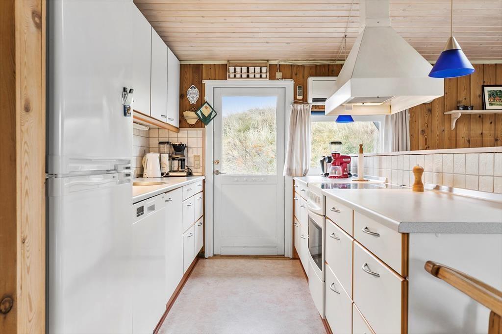 Draußen erwarten dich mehrere schöne Terrassenbereiche, auf denen du im Laufe des Tages Sonne oder Windschutz findest. Perfekt, um den Morgen mit frisch gebrühtem Kaffee zu beginnen, während die Sonne langsam das Naturgrundstück erwärmt, oder den Tag mit einem Glas Wein zu beenden, während der Himmel in den Farben des Sonnenuntergangs erstrahlt. Das Grundstück ist von Dünen umgeben, was eine angenehme, ungestörte Atmosphäre schafft, und die ruhige Umgebung lädt dazu ein, das Tempo herunterzufahren. Da Hunde im Haus erlaubt sind, kann auch dein vierbeiniger Freund die kleinen Pfade und offenen Flächen direkt vor der Haustür erkunden.
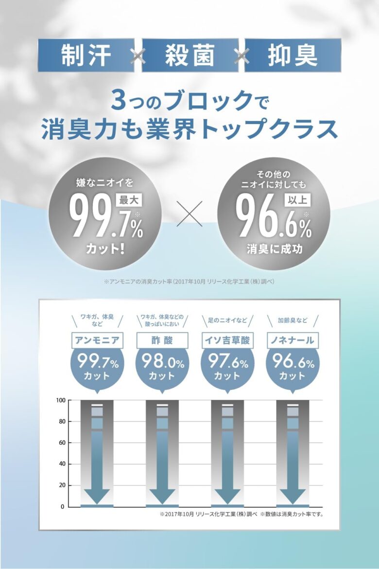 口コミや評判を見ていると、消臭力が高く、匂わなくなるため、汗が気にならなくなる、とのことです。
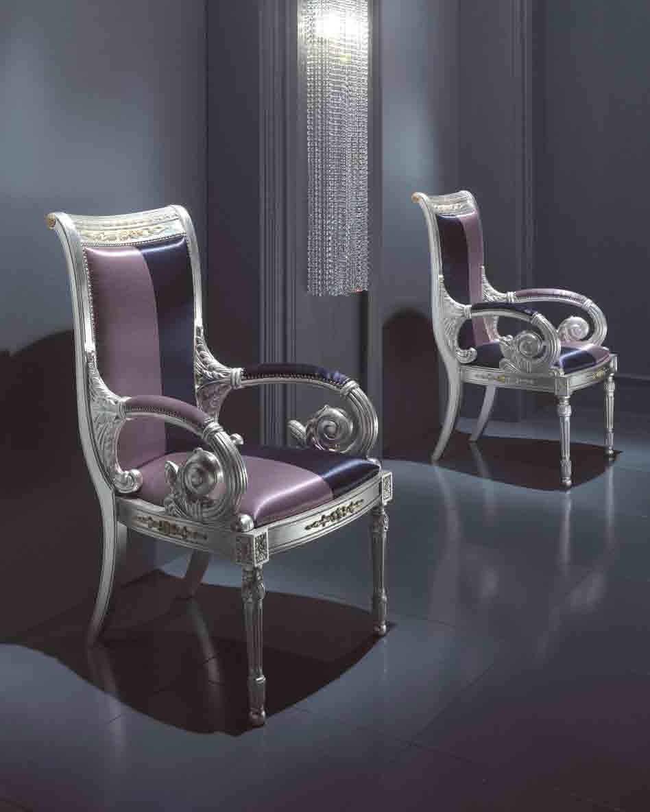 The chair comes from the Italian manufacturer DV Home. Model on a frame of solid wood. The model is decorated decorative hand carved. Upholstery textile. The color from the assortment of the company. The chair is made in eclectic style, with carved frame and arms, characteristic of the Empire style, combined with a bright glamorous upholstery.
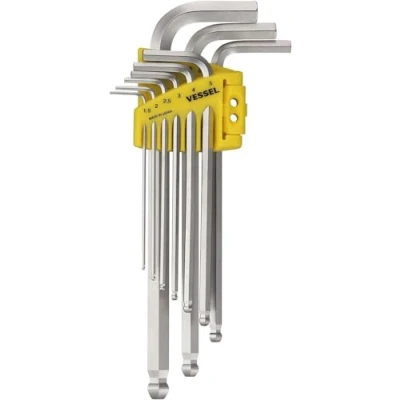 Incl. Hex AF 1.5, 2, 2.5, 3, 4, 5, 6, 8, and 10 mm Magnetized Tip Max Tilting Angle of 38°(Designed Value) by VESSEL's original Hex Ball Point Design High wear-resistance and durable fully hardened wrenches by optimum heat treatment Anti-corrosion Fully Nickel plated Made in Japan by VESSEL
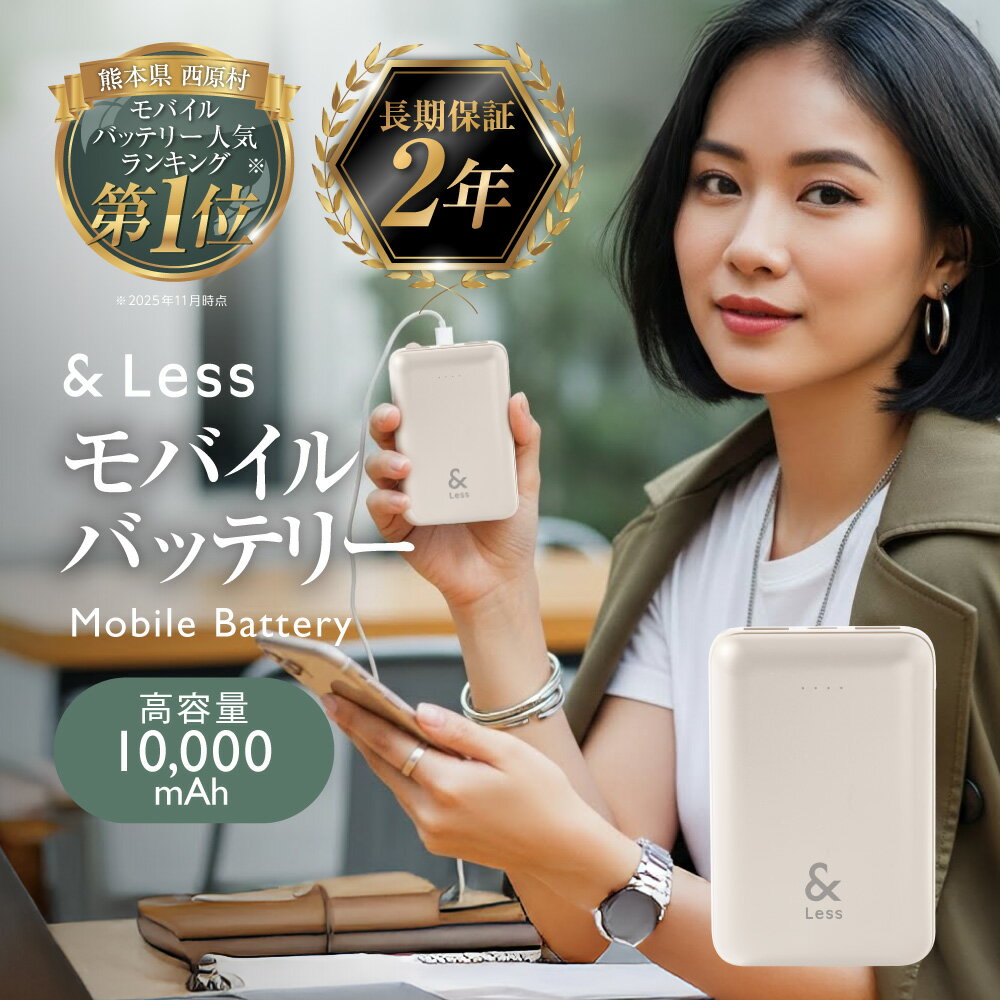 【ふるさと納税】モバイルバッテリー 10000mah ( ブラック ) 日本製 2年保証 3出力充電 軽量 小型 大容量 iphone アイフォン 充電器 Type-c タイプc USBケーブル スマホ充電器 3台同時充電 コンパクト 持ち運び 旅行 防災グッズ【&Less】

WORK TO BE COMPLETED
Using the data above, copy exactly the lines from the one containing "口コミや評判を見ていると、消" to the one containing "The chair comes", inclusive. Exclude the pictures.

RESULT OF THIS TASK
 口コミや評判を見ていると、消臭力が高く、匂わなくなるため、汗が気にならなくなる、とのことです。
 The chair comes from the Italian manufacturer DV Home. Model on a frame of solid wood. The model is decorated decorative hand carved. Upholstery textile. The color from the assortment of the company. The chair is made in eclectic style, with carved frame and arms, characteristic of the Empire style, combined with a bright glamorous upholstery.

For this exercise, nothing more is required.